Potential mechanisms by which SGLT2 inhibitors increase uricosuria in the proximal tubule. URAT1 and GLUT9 are the major pathways for uric acid reabsorption. When SGLT2 is inhibited by SGLT2 inhibitors, GLUT9b is overwhelmed by excessive glucose and its capacity for uric acid transport is diminished. SGLT2 inhibitors can also inhibit URAT1, further increasing uricosuria. Abbreviations: GLUT9, glucose transporter 9; SGLT2, sodium-glucose cotransporter 2; URAT1, urate transporter 1.

Figure 4

Potential mechanisms by which thiazide and loop diuretics reduce uricosuria in the proximal tubule. URAT1 is the major transporter for uric acid reabsorption, and OAT1 and NPT4 are the major pathways for uric acid secretion. Thiazide and loop diuretics enter the proximal tubular cell basolaterally via OAT1 and OAT3 and exit via apically located URAT1 or NPT4. Competitive binding between diuretics and uric acid for the basolateral OAT1 and OAT3 and apical NPT4 would reduce uric acid secretion by the proximal tubule.

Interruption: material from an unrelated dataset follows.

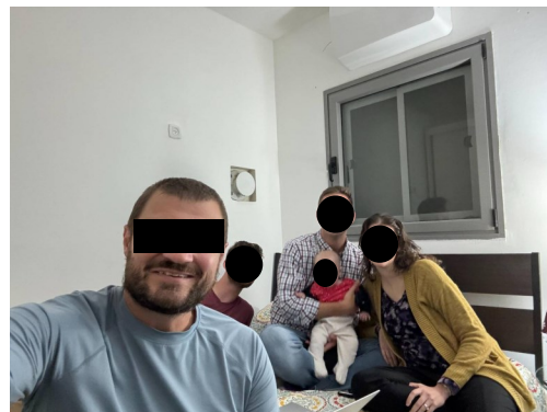
Concilium’s START leader was with a young missionary family in their bomb shelter when a church member in the USA called on their behalf seeking our assistance!

The apically located URAT1 acts as an anion exchanger and may reabsorb uric acid in exchange for the secretion of thiazide or loop diuretics. Thus, a decrease in uric acid secretion, as well as an increase in uric acid reabsorption by the proximal tubule, will lead to diuretic-induced hyperuricemia. Abbreviations: GLUT9, glucose transporter 9; NPT4, sodium-dependent, inorganic phosphate transporter 4; OAT1, organic anion transporter 1; OAT3, organic anion transporter 3; URAT1, urate transporter 1.